The Weekly Tech News
TNWeekly01.gifHi all.
Nothing to mention this week, enjoy :)
As usual, you can find last week's news here.


1. EBay Plans Skype Public Listing
Spoiler
http://news.bbc.co.uk/2/hi/business/7999268.stm
http://arstechnica.com/telecom/news/2009/04/four-years-later-skypes-founders-looking-to-buy-back-skype.ars
Just four years after purchasing Skype for US$2.6bn, Ebay is planning an IPO for next year, which could see the original owners regain control of Skype for less than half the price they were originally paid for it.

EBay said Skype was a "great stand-alone" firm but had "limited synergies" with the online auction firm.

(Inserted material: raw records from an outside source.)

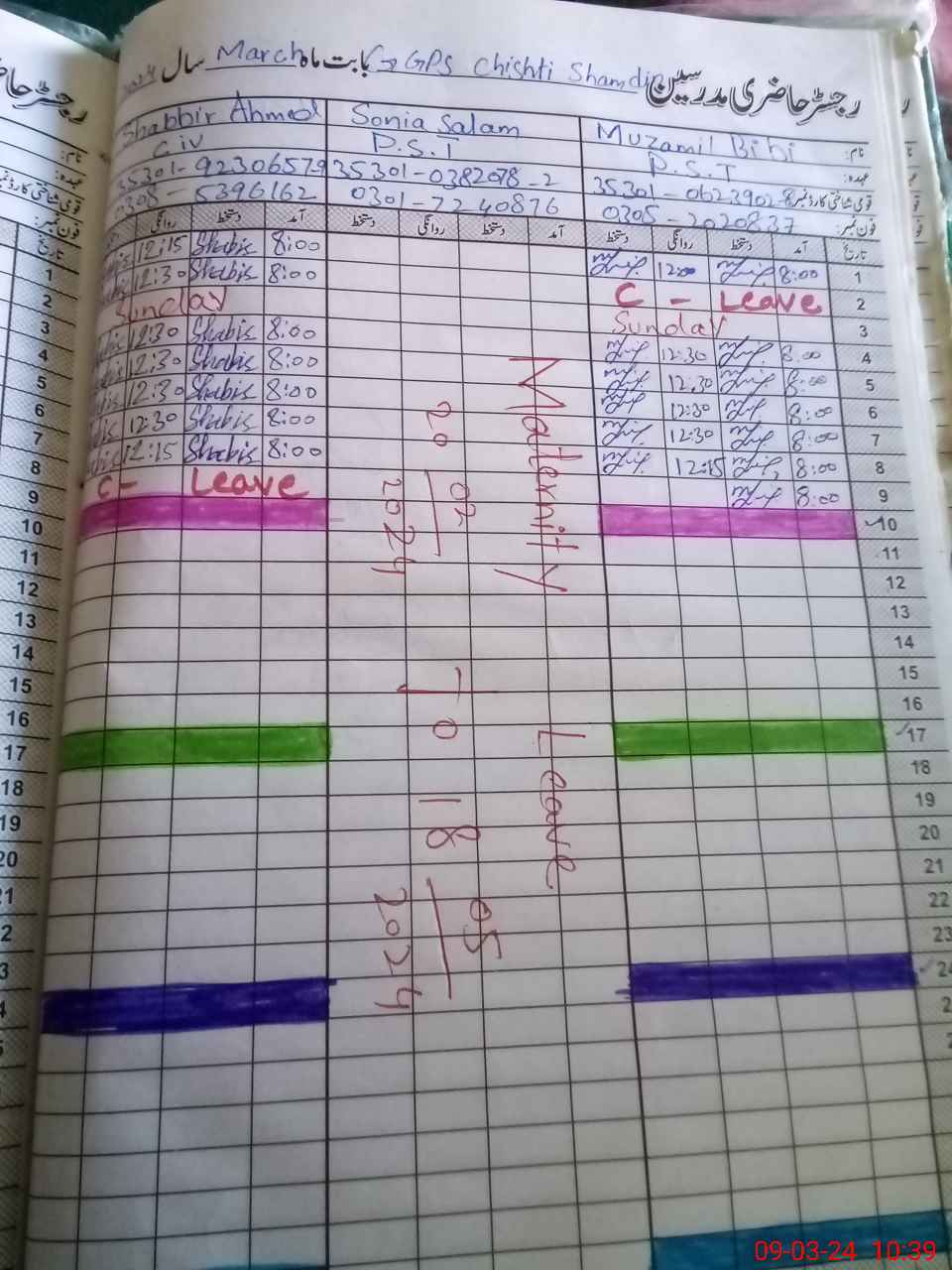 | Leave | Duty | Absent | Maternity | Medical | Ex- Pak |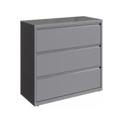 This 42 in. wide 3 drawer metal commercial grade lateral filing cabinet in arctic silver is designed for heavy duty use, yet looks great in any office. Precision ball-bearing suspension allows for quiet use in your busy office environment. Fully assembled steel construction with reinforced base. Non-porous surface is easy to clean and disinfect. Interlock system prevents tipping by only allowing one drawer open at a time. Dual lock bars and core-removable lock come standard. Unit includes hang rails, magnetic label holders, and four adjustable leveling glides. Greenguard Gold certified for indoor air quality. Meets or exceeds ANSI/BIFMA standards. TAA compliant. Limited Lifetime Warranty.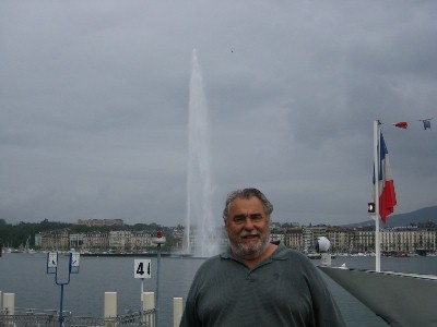 GenevaThe next morning we were off for Geneva, Switzerland. By the way, the train up the mountain to Zermatt was most interesting. It had little grab mechanisms on the train like a roller coaster to grab the track going up the steep hills otherwise the train would never make it up the mountain. The water falls and the Alps were beautiful. I digress, back to Geneva. Geneva is in the French section of Switzerland and therefore it is not as clean and well organized as the German section. The photo is of George in front of the famous Geneva fountain, which shoots very high in the air. |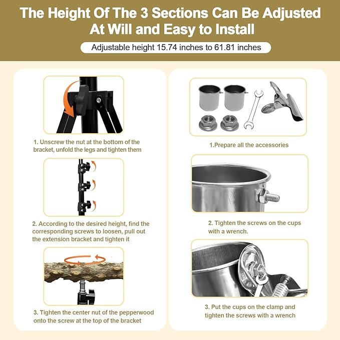 - Metal Structure: The bracket part of the parrot perch is mde of high-quality metal and high-quality plastic, which is sturdy and durable, the bird perches swood pole is made of natural pepper wood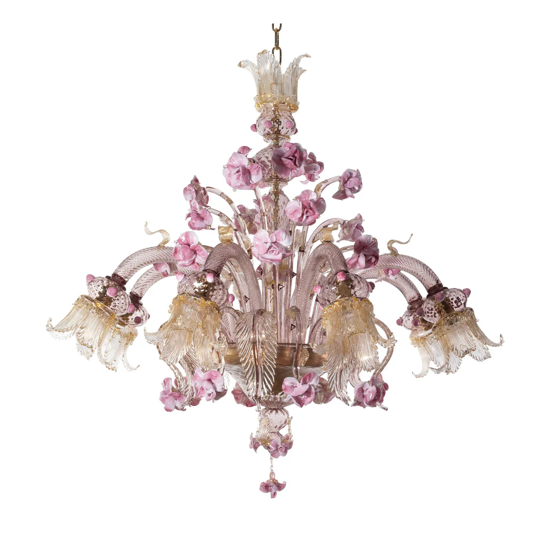 Rezzonico chandeliers feature multiple tiers, intricate botanical motifs, and arms constructed from segmented glass elements, and they are almost always multi-colored. Among historical Murano styles, Rezzonico is the most grand and opulent.

When eBay bought Skype for $2.6bn (£1.7bn) in October 2005, many analysts thought the price was too high.

Skype's software lets PC users talk to each other for free and make cut-price calls to mobiles and landlines.


2. PIN Crackers Nab Holy Grail of Bank Card Security
Spoiler
http://blog.wired.com/27bstroke6/2009/04/pins.html
It has come to light that it's now possible hackers to obtain encrypted PIN numbers as they travel between ATMs and banking mainframes and decrypt them, allowing the attackers to make cash withdrawals from ATMs without the use of skimming hardware or cameras.

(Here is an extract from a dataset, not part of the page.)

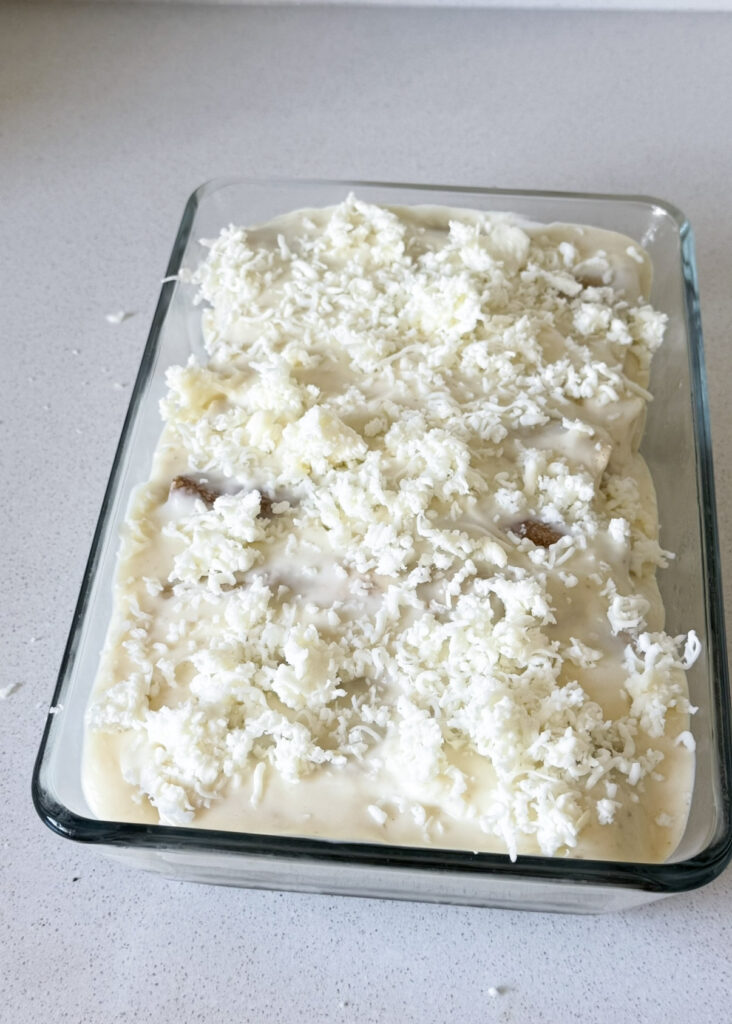 - Recouvrez-les de béchamel puis, ajoutez la mozzarella râpée par dessus.

Hackers have crossed into new frontiers by devising sophisticated ways to steal large amounts of personal identification numbers, or PINs, protecting credit and debit cards, says an investigator.  The attacks involve both unencrypted PINs and encrypted PINs that attackers have found a way to crack, according to an investigator behind a new report looking at the data breaches.

The attacks, says Bryan Sartin, director of investigative response for Verizon Business, are behind some of the millions of dollars in fraudulent ATM withdrawals that have occurred around the United States.


3. Evidence Suggests First Zombie Mac Botnet is Active
Spoiler
http://arstechnica.com/apple/news/2009/04/evidence-suggests-first-zombie-mac-botnet-is-active.ars
http://www.theregister.co.uk/2009/04/16/new_ibotnet_analysis/
The trojan distributed with pirated copies of iWork and Photoshop over bittorrent last year appears to be developing into botnet.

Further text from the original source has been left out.